■ **YOUR TASK**: Starting at the line that contains "Простодушная Мышка снова" and stopping after the line that contains "为庆祝中国共产党成立100周", transcribe the listing below exactly; do not include any pictures.

■ **GIVEN INFORMATION**:
★ ★ ★ ★
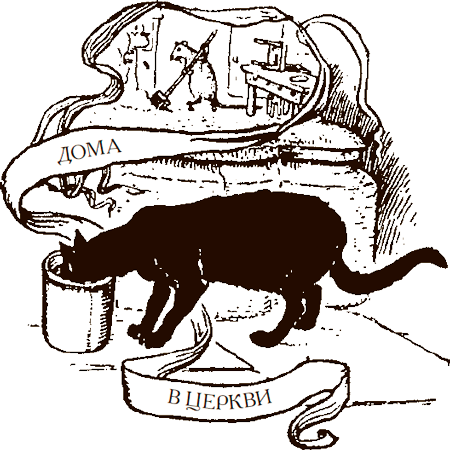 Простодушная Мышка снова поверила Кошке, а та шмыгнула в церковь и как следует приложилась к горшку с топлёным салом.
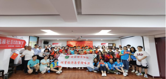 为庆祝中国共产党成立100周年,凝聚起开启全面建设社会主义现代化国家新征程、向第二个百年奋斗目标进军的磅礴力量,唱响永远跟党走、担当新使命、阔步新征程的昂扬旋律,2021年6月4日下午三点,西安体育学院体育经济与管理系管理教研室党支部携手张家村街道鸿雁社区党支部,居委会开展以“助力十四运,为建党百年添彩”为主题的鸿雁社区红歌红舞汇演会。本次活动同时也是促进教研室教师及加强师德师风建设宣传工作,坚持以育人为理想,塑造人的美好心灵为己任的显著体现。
★ ★ ★ ★
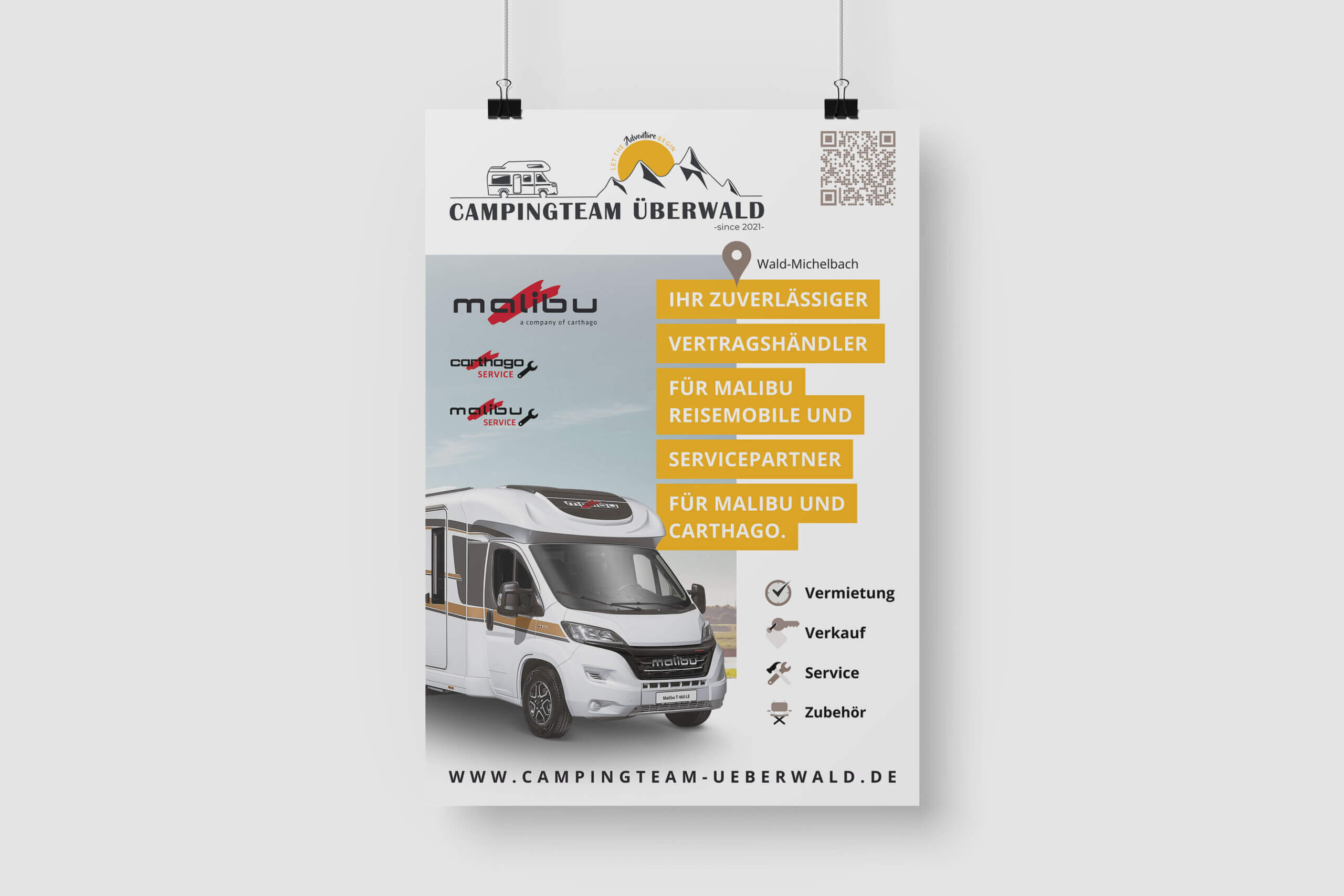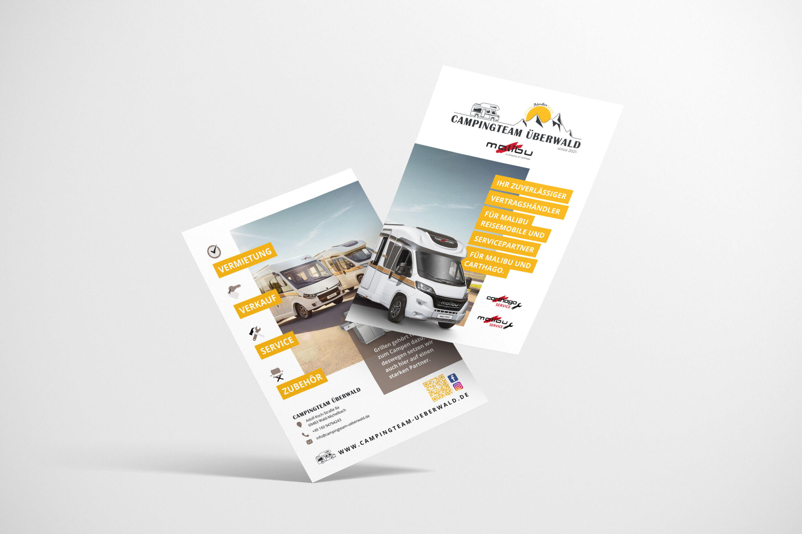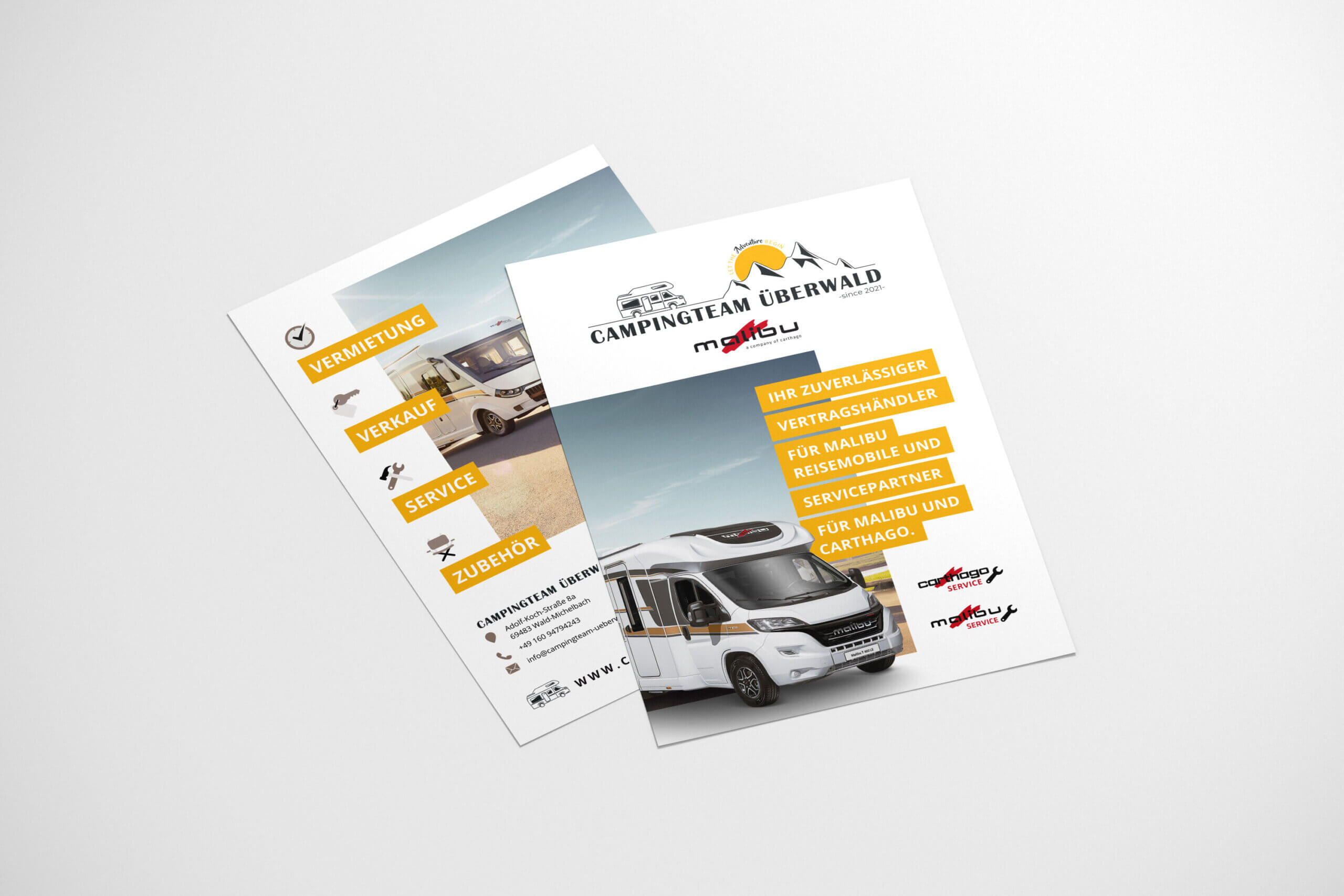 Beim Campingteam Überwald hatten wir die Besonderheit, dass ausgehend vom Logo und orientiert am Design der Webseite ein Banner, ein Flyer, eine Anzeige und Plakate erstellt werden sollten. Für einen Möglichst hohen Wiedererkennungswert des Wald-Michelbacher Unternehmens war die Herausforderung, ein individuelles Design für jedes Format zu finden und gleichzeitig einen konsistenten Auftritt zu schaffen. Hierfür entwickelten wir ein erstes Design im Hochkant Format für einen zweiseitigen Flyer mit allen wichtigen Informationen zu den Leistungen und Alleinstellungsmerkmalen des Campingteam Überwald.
★ ★ ★ ★
■ **ANSWER**:
 Простодушная Мышка снова поверила Кошке, а та шмыгнула в церковь и как следует приложилась к горшку с топлёным салом.
 为庆祝中国共产党成立100周年,凝聚起开启全面建设社会主义现代化国家新征程、向第二个百年奋斗目标进军的磅礴力量,唱响永远跟党走、担当新使命、阔步新征程的昂扬旋律,2021年6月4日下午三点,西安体育学院体育经济与管理系管理教研室党支部携手张家村街道鸿雁社区党支部,居委会开展以“助力十四运,为建党百年添彩”为主题的鸿雁社区红歌红舞汇演会。本次活动同时也是促进教研室教师及加强师德师风建设宣传工作,坚持以育人为理想,塑造人的美好心灵为己任的显著体现。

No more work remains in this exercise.